43. A method of treating or preventing a condition characterized by unacceptable blood clotting and/or an increased risk thereof, the method comprising the step of administering to a subject in need thereof a combination comprising a therapeutic amount of vitamin K2 and at least one anticoagulant, wherein the at least one anticoagulant comprises a first anticoagulant configured to inhibit free Factor Xa and/or Factor Xa bound in a prothrombinase complex of the subject.

44. The method according to claim 43, wherein the first anticoagulant is rivaroxaban, or apixaban, or dabigatran etexilate.

45. The method according to claim 43, wherein the vitamin K2 is administered in an amount of between about 10 and 2000 μg/day.

46. The method according to claim 43, wherein the vitamin K2 is administered in an amount of between about 50 and 1000 μg/day.

47. The method according to claim 43, wherein the vitamin K2 is administered in an amount of between about 150 and 500 μg/day.

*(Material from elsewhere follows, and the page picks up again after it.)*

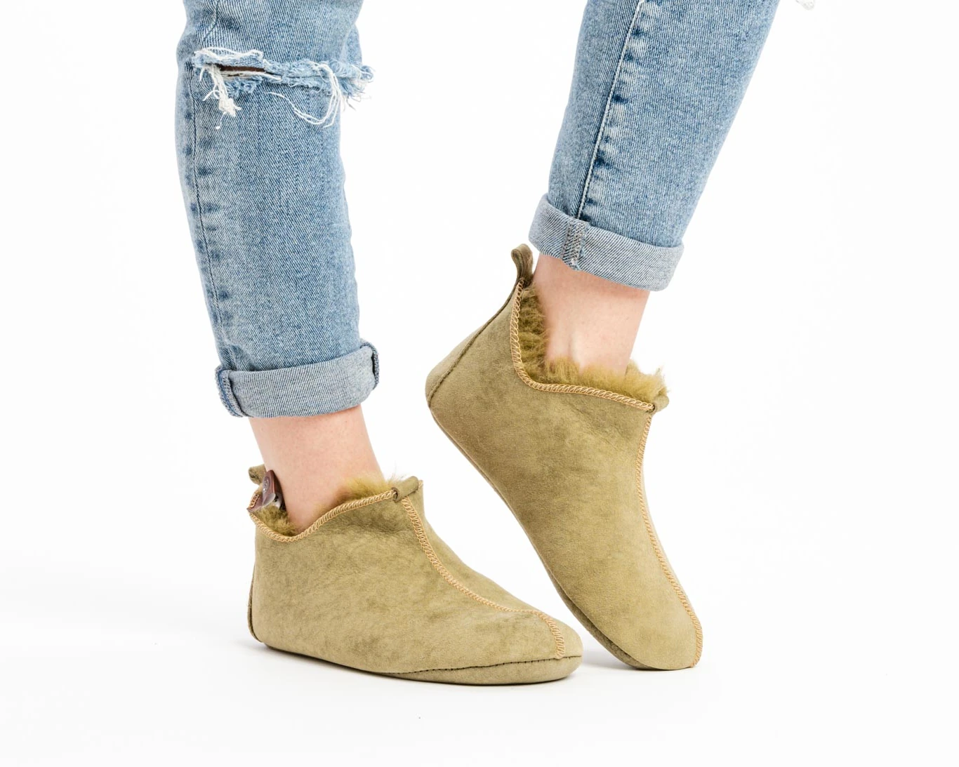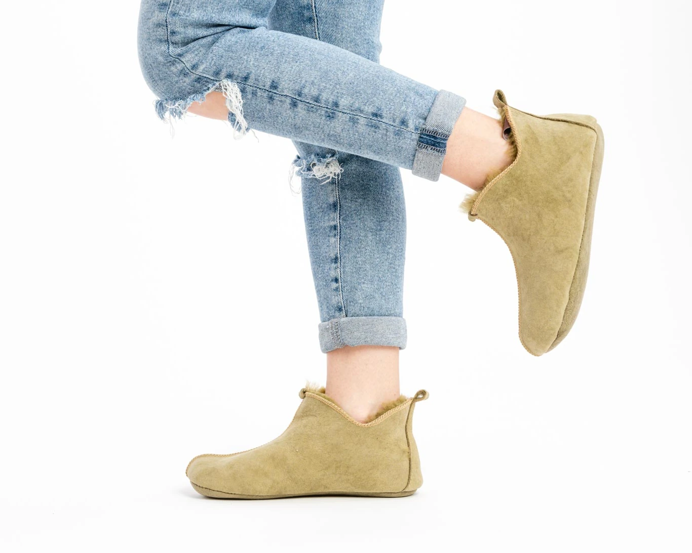 1 review for Split Leather Slippers – Olive – Wool Lining

48. The method of claim 43, wherein the vitamin K2 is administered in an amount of between about 15 and 20 mg/day.

49. The method according to claim 43, wherein the subject suffers from oxidative stress, unacceptably low ATP production, unacceptably low blood flow, or a combination thereof.

50. The method of claim 43, wherein the condition is selected from the group consisting of pulmonary embolism, arterial fibrillation, joint replacement, deep vein thrombosis, and a combination thereof.

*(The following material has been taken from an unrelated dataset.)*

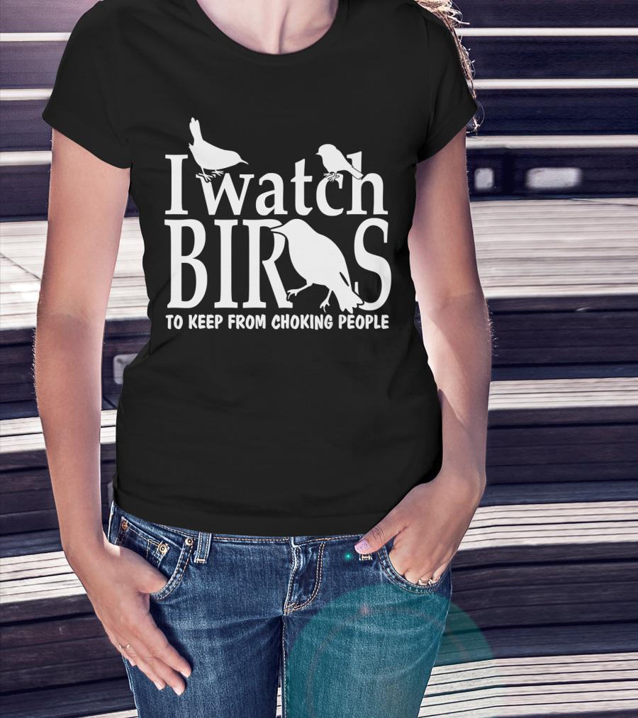 The I Watch Birds to Keep From Choking People T-shirt is designed for everyday wear and a consistent fit. Fabric is pre-shrunk ring-spun cotton with durable stitching. See the size chart below for exact measurements.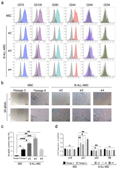 Phenotypic characterization of B-ALL-MSC and evaluation of senescence markers. (a) Immunophenotyping of B-ALL-MSC. Fluorescent histograms for the cell surface markers CD73, CD105, CD90, CD44, CD45, and CD34 on MSC from healthy patients and three B-ALL-MSC (#2, #3, #4). As controls, MSC from healthy patients in passages 4 (P4) were used. The grey histograms represent unlabeled cells, while color histograms correspond to the markers evaluated. The histograms shown are from a replicate. One experiment, three replicates. (b) SA-βGAL activity in B-ALL-MSC. As controls, MSC from healthy patients in passages 3 (P3) and 6 (P6) were used. Microphotographs at 10× (Scale bar, 100 µm) and 40× (Scale bar, 20 µm) magnification, of representative experiments are shown. (c) Quantification of the percentage (%) of cells positive for SA-βGAL in B-ALL-MSC. (d) Expression of p16, p21, p53, and RB mRNA in B-ALL-MSC. Expression of mRNA calculated from the Ct of the target gene relative to the housekeeping gene GAPDH (1/(Ct Target gene—Ct GAPDH)). Data are expressed as mean ± SEM. Four experiments with 12 replicates were analyzed. p-value * < 0.05, ** < 0.01, *** < 0.001, **** < 0.0001, ns (not significant) by Brown-Forsythe and Welch ANOVA test with Dunnett’s T3 post-hoc analysis.

51. A method of treating or preventing delayed onset muscle soreness, the method comprising the step of administering to a subject in need thereof a combination comprising a therapeutic amount of vitamin K2 and at least one anticoagulant.

52. The method of claim 51, wherein the at least one anticoagulant comprises a first anticoagulant that is configured to inhibit free Factor Xa and/or Factor Xa bound in a prothrombinase complex in a subject.

53. The method of claim 51, wherein the at least one anticoagulant comprises a first anticoagulant that is configured to inhibit free Factor Xa and/or Factor Xa bound in a prothrombinase complex in a subject, wherein the first anticoagulant is selected from the group consisting of rivaroxaban, apixaban, and dabigatran etexilate.

54. A method of treating and preventing oxidative stress or muscle soreness, or for increasing ATP production in a cell, the method comprising the step of administering to a subject in need thereof a composition comprising a therapeutic amount of vitamin MK-7.

55. The method of claim 54, wherein the composition also comprises at least one anticoagulant, wherein the anticoagulant is selected from the group consisting of rivaroxaban, apixaban, and dabigatran etexilate.